[Repairing the spinal cord with vitamin D: a promising strategy]. / La vitamine D au secours du traumatisme médullaire : un espoir à confirmer.

In 2014, a phase II randomised, double blind clinical trial assessing the efficacy of cholecalciferol (vitamin D3) in patients with a cervical trauma will be set up. This trial stems from previous studies showing that vitamin D supplementation improves functional recovery in rat models of peripheral or central nerve injury. In a first series of experiments, we used a rat model of peripheral nerve trauma to demonstrate the therapeutic efficiency of vitamin D. We first demonstrated that ergocalciferol (vitamin D2) increases the number and the diameter of newly formed axons and improves the response of metabosensitive fibers from tibialis muscle, in a model of transected peroneal nerve. Then, we compared vitamin D2 and vitamin D3 and observed that the latter is more efficient. At the dose of 500 IU/kg/day, vitamin D3 induces a dramatic functional recovery. We also demonstrated that vitamin D3 increases the number of preserved or newly formed axons in the proximal end, the mean axon diameter in the distal end, neurite myelination in both the distal and proximal ends as well as the expression of genes involved in axogenesis and myelination. In parallel, we assessed the therapeutic role of vitamin D on the central nervous system. In a first study, using a rat model of spinal cord compression at the T10 thoracic level, we delivered vitamin D3 (cholecalciferol) orally at the dose of 50 IU/kg/day or 200 IU/kg/day. When compared to control animals, vitamin D-treated rats displayed, three months after injury, a significant improvement of ventilatory frequency and a reduction of H reflex indicating functional improvements at three months post-injury. In a second study, we used a rat model of cervical hemisection (C2) with a higher dose of oral vitamin D3 (500 IU/kg/day) delivered weekly, during 12 weeks. We observed an improved locomotor recovery, a reduced spasticity and a significantly higher rate of axons crossing the lesion site in treated animals. However, it must be pointed out that the functional improvement is reduced when vitamin D is provided one week after the trauma.

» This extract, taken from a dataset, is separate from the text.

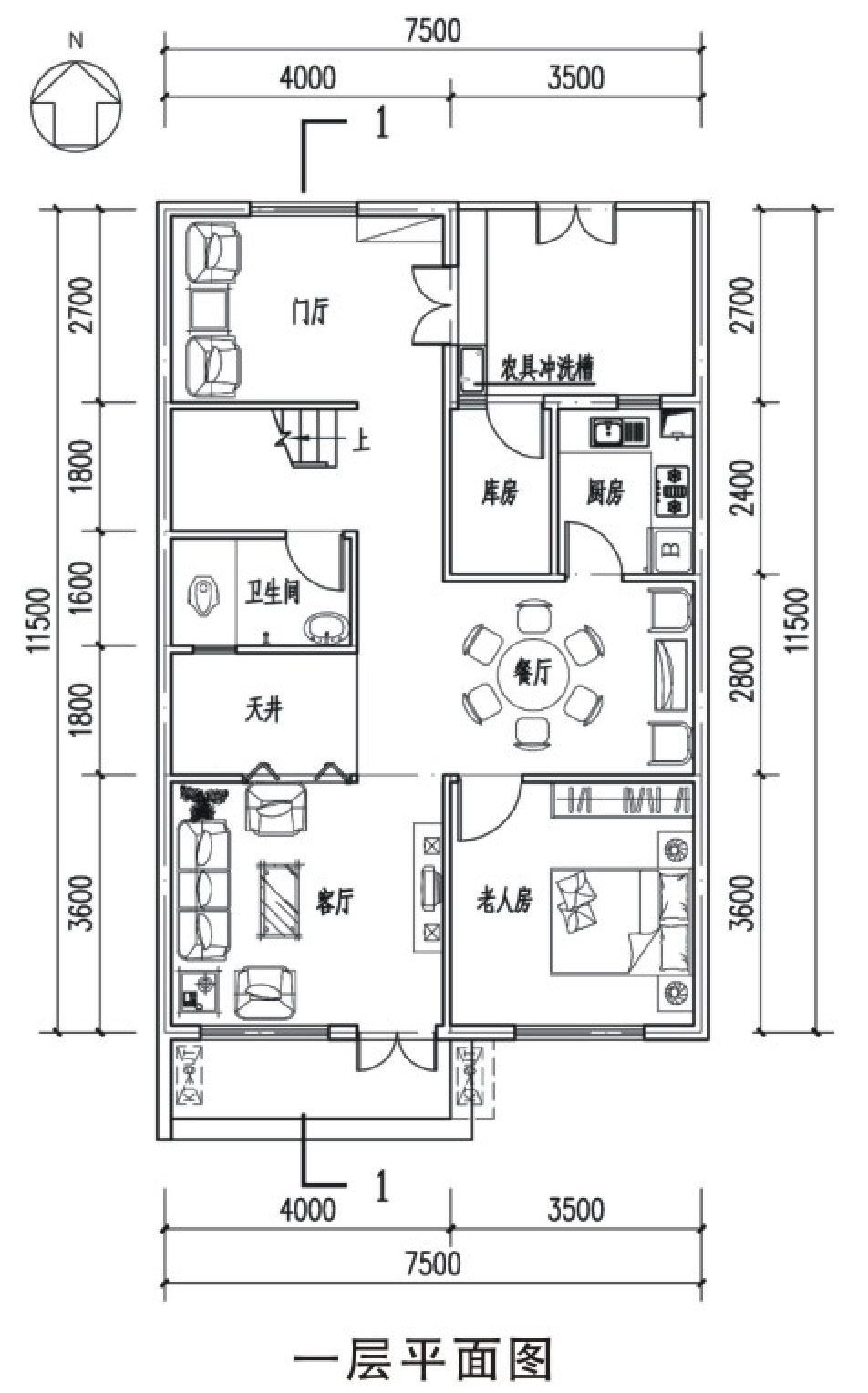 一層設有客廳、老人房、餐廳、衛(wèi)生間、庫房、廚房、門廳、農(nóng)具沖洗槽等。

Cholecalciferol (vitamin D3) improves myelination and recovery after nerve injury.

Previously, we demonstrated i) that ergocalciferol (vitamin D2) increases axon diameter and potentiates nerve regeneration in a rat model of transected peripheral nerve and ii) that cholecalciferol (vitamin D3) improves breathing and hyper-reflexia in a rat model of paraplegia. However, before bringing this molecule to the clinic, it was of prime importance i) to assess which form - ergocalciferol versus cholecalciferol - and which dose were the most efficient and ii) to identify the molecular pathways activated by this pleiotropic molecule. The rat left peroneal nerve was cut out on a length of 10 mm and autografted in an inverted position. Animals were treated with either cholecalciferol or ergocalciferol, at the dose of 100 or 500 IU/kg/day, or excipient (Vehicle), and compared to unlesioned rats (Control). Functional recovery of hindlimb was measured weekly, during 12 weeks, using the peroneal functional index. Ventilatory, motor and sensitive responses of the regenerated axons were recorded and histological analysis was performed. In parallel, to identify the genes regulated by vitamin D in dorsal root ganglia and/or Schwann cells, we performed an in vitro transcriptome study. We observed that cholecalciferol is more efficient than ergocalciferol and, when delivered at a high dose (500 IU/kg/day), cholecalciferol induces a significant locomotor and electrophysiological recovery. We also demonstrated that cholecalciferol increases i) the number of preserved or newly formed axons in the proximal end, ii) the mean axon diameter in the distal end, and iii) neurite myelination in both distal and proximal ends. Finally, we found a modified expression of several genes involved in axogenesis and myelination, after 24 hours of vitamin supplementation. Our study is the first to demonstrate that vitamin D acts on myelination via the activation of several myelin-associated genes. It paves the way for future randomised controlled clinical trials for peripheral nerve or spinal cord repair.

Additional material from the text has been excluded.